The brand is the brand, and we’re very careful to be very consistent with how Hoka shows up, regardless of where it shows up. That said, there are regional nuances, right? We don’t have our own Hoka DTC brick-and-mortar stores in the U.S. at this point, but you don’t launch as a brand in China without having a real DTC retail [presence]. There’s not a lot of change or adaptation that needs to happen to the product line, but on occasion we’ll do colorways, for example, that might work in one region more than more than another.

Can you speak a bit about Hoka’s global expansion plans going forward?
It’s not that we’re necessarily moving into new regions as much as we’re starting to double down on our investment. The brand was started in France years ago, so we have an established business in Europe, although plenty of growth ahead of us there. Where we’re beginning to invest more and more in is China. We see that, along with our peers, that [China] is certainly a huge opportunity.

We are planning global expansion. We were in these regions [already], but we’re planning on expanding these regions. We are [also] planning on continued growth stateside and we’re building on this incredible platform to connect this global marketplace in ‘21 and ‘22.

While Hoka focuses on performance, the brand is also popular with non-athletes.

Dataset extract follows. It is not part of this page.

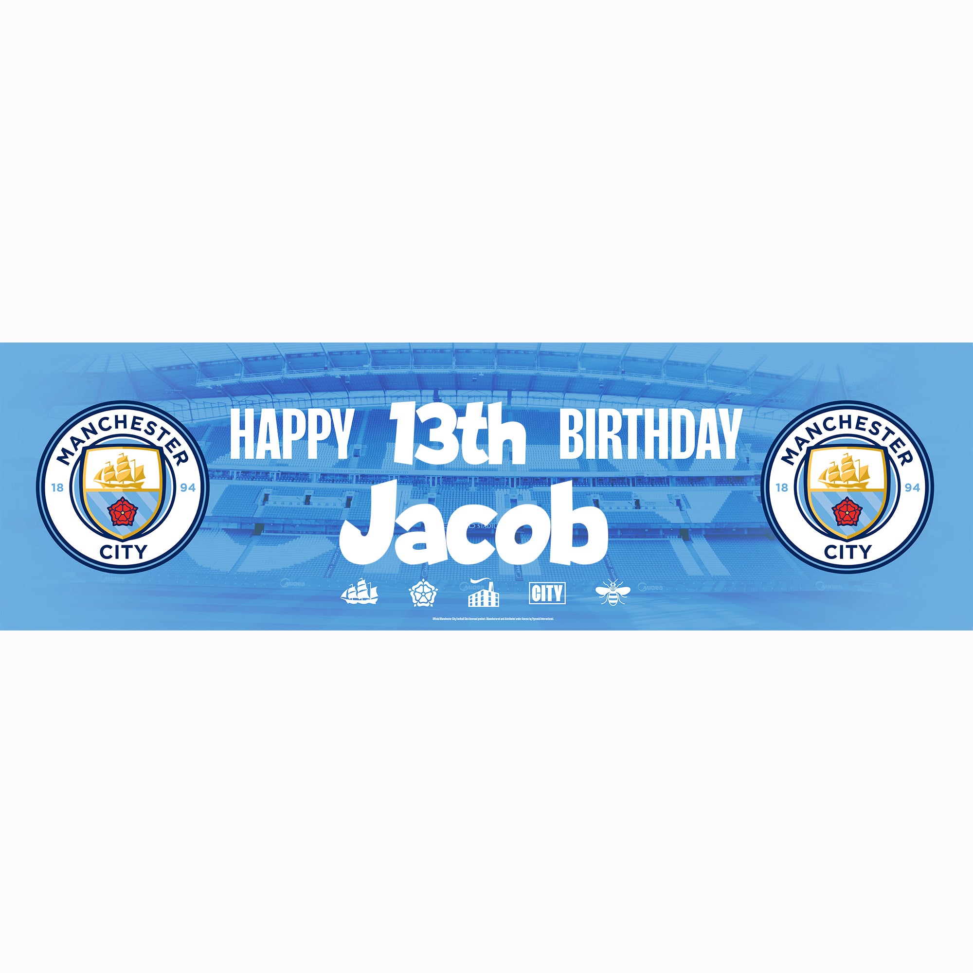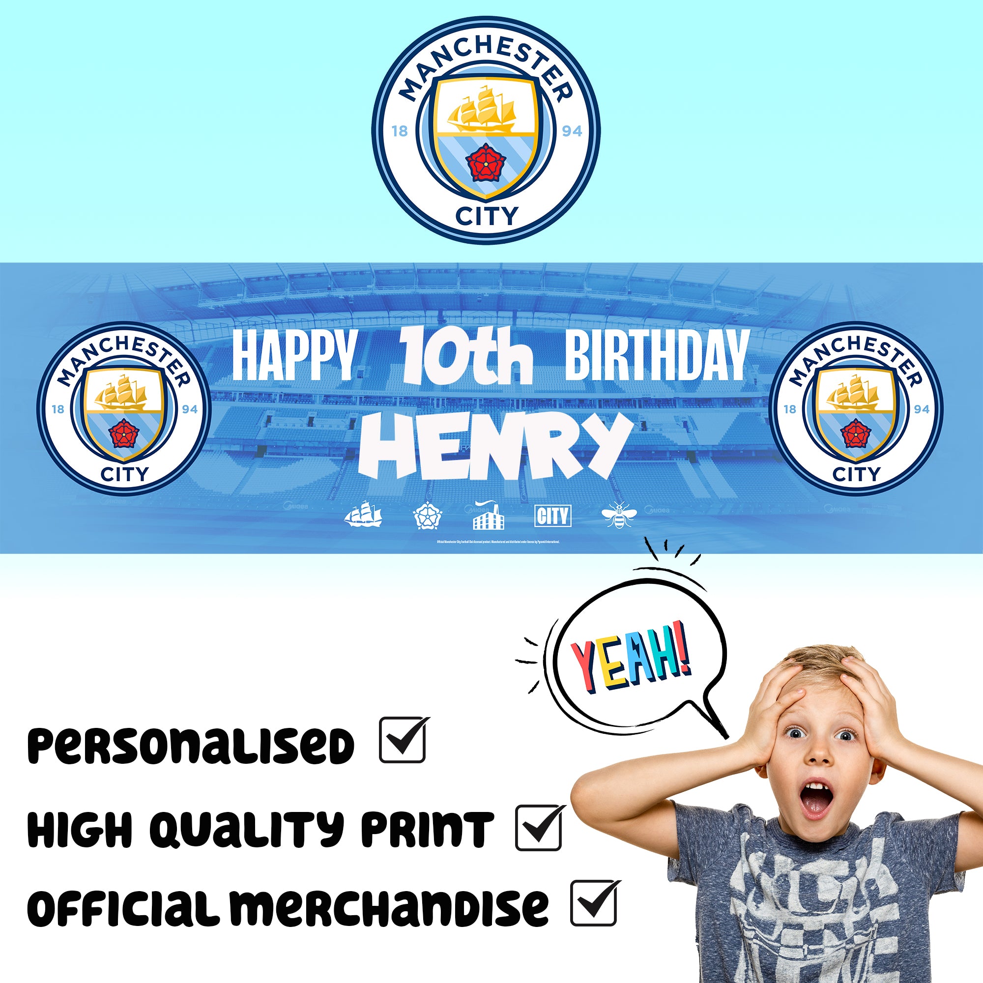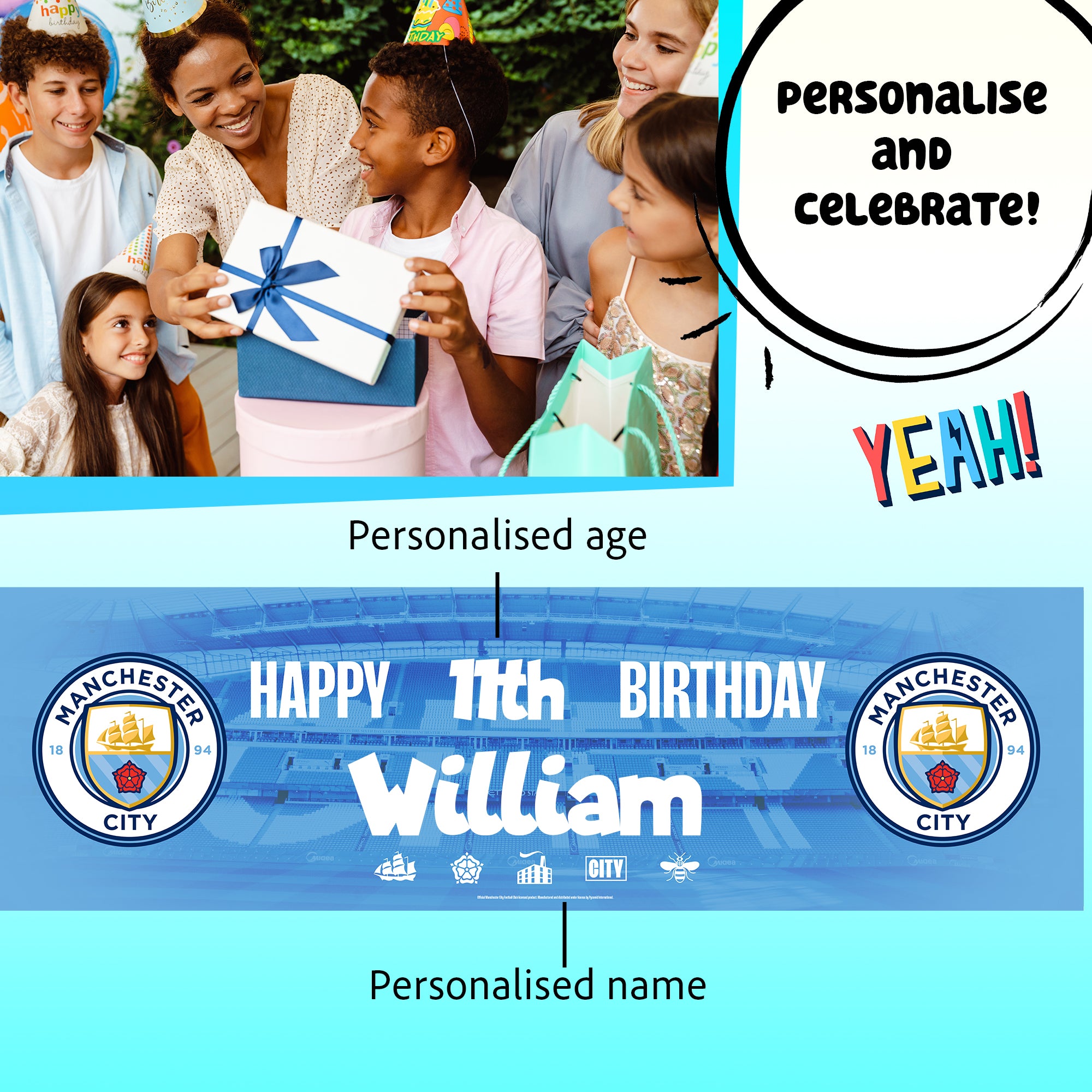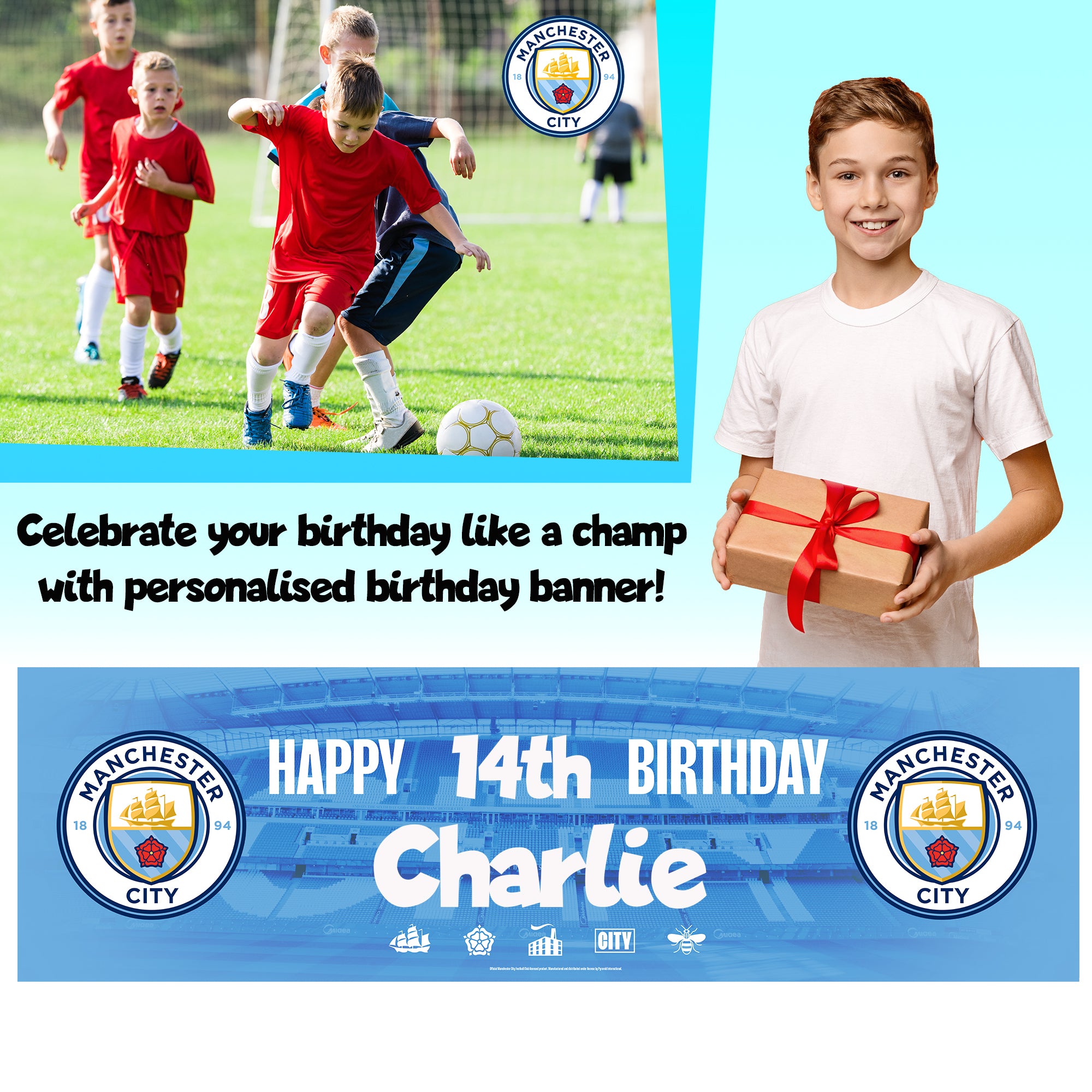 Manchester City Personalised Birthday Banner for Boys – Custom Name & Age Party Decoration Large 140 x 40 cm Football Theme Backdrop

Sneakerheads and fashion-focused consumers are also purchasing pairs for less athletic pursuits. Why is this?
There’s no substitute for great product and a brand that is as open and welcoming [as Hoka] crosses ages and stages and demographics. In fairness, I think our aesthetic just continues to get better and better and better. You know, anecdotally, my youngest daughter graduated a year ago from college and she said, “When I first got on campus, you couldn’t find the Hoka and by the time I graduated, I couldn’t go from my dorm room to the library without seeing five or six people wearing Hoka.”

You’ve partnered with buzzy fashion brands as well as more traditional outdoor focused brands like Cotopaxi and Outdoor Voices. Can you speak a bit more about your partnership strategy?
Some of [our partnerships] have been with like minded brands. I would reference the Cotopaxi collaboration. Both Hoka and Cotopaxi are value based brands: we care deeply about people and the planet. We [also] both sell at REI, so it’s not a complete “Oh, what are they doing together?”

And then there’s other collabs that we’ve done that have been much more unexpected. Sometimes those collabs, on the surface, might [seem] like strange bedfellows. However, they really can work and be super disruptive and impactful. That has definitely helped us gain awareness from a lifestyle and sneaker culture standpoint.

When you are trying to find those more unusual partnerships, what are you looking for in other brands?
We’ve been very lucky. We have a lot of brands approach us all the time and we’re being mindful of how much the team can take on and market properly. How many stories can we tell?

Then it [also] comes down to too, are these people that we want to work with? Do we respect the brand and their values? They don’t have to be the exact same as ours, [but there’s] that level of being an authentic brand. Do they stand for something and do they back that up legitimately? More and more that the consumer will see right through it if you’re not authentic.